Mon impression d’observateur est que les conservateurs peuvent l’emporter au Parlement européen. José Manuel Barrosso, le président de la Commission depuis 2004, risque d’être reconduit en dépit des demandes et souhaits réitérés du PSE ou des Verts de conduire une politique plus progressiste, moins libérale et surtout de prendre des initiatives pour muscler la réponse des Etats et de l’Union à la crise sociale et économique de 2009.

Existe-t-il d’ailleurs de véritables partis européens ?

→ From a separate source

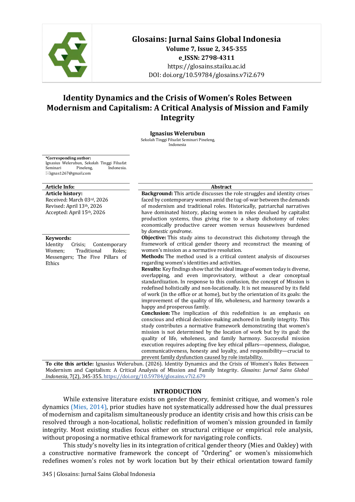 Glosains: Jurnal Sains Global IndonesiaGlosains: Jurnal Sains Global IndonesiaThis article discusses the role struggles and identity crises faced by contemporary women amid the tug-of-war between the demands of modernism and traditional roles. Historically, patriarchal narratives have dominated history, placing women in roles devalued by capitalist production systems, thus giving rise to a sharp dichotomy of roles: economically productive career women versus housewives burdened by domestic syndrome. This study aims to deconstruct this dichotomy through the framework of critical gender theory and reconstruct the meaning of womens mission as a normative resolution. The method used is a critical content analysis of discourses regarding womens identities and activities. Key findings show that the ideal image of women today is diverse, overlapping, and even improvisatory, without a clear conceptual standardization. In response to this confusion, the concept of Mission is redefined holistically and non-locationally. It is not measured by its field of work (in the office or at home), but by the orientation of its goals: the improvement of the quality of life, wholeness, and harmony towards a happy and prosperous family.

Il n’existe pas de partis politiques européens parce que les grands dossiers politiques traités par eux sont défendus d’abord dans un cadre national et pour un électorat national. Les Verts marquent cependant plus que d’autres des préoccupations européennes tandis que les conservateurs extrêmes, tels Libertas, sont unis pour revenir au concert des Nations du XIXe siècle. Certes les grands partis de gouvernement : socialistes et conservateurs libéraux se regroupent dans des structures intereuropéennes. Mais on a du mal à comprendre ce qu’ils veulent faire en un temps où la défense économique nationale devient prédominante dans la campagne pour les élections européennes ou que prévalent pour les uns la défense du gouvernement Sarkozy ou pour les autres sa critique virulente. 


 

Informations sur Gérard Bossuat
Gérard Bossuat est Professeur des universités, Chaire Jean Monnet ad personam, Université de Cergy-Pontoise, Directeur du master LLSHS, mention Études européennes et affaires internationales, spécialité professionnelle "projet européen", et recherche "Histoire et enjeux européens". Il est co-auteur du Dictionnaire historique de l’Europe Unie, André Versaille éditeur, Bruxelles, 2009, et auteur de : Histoire de l’Union européenne, fondations, développement, avenir, Paris, Belin sup 2009.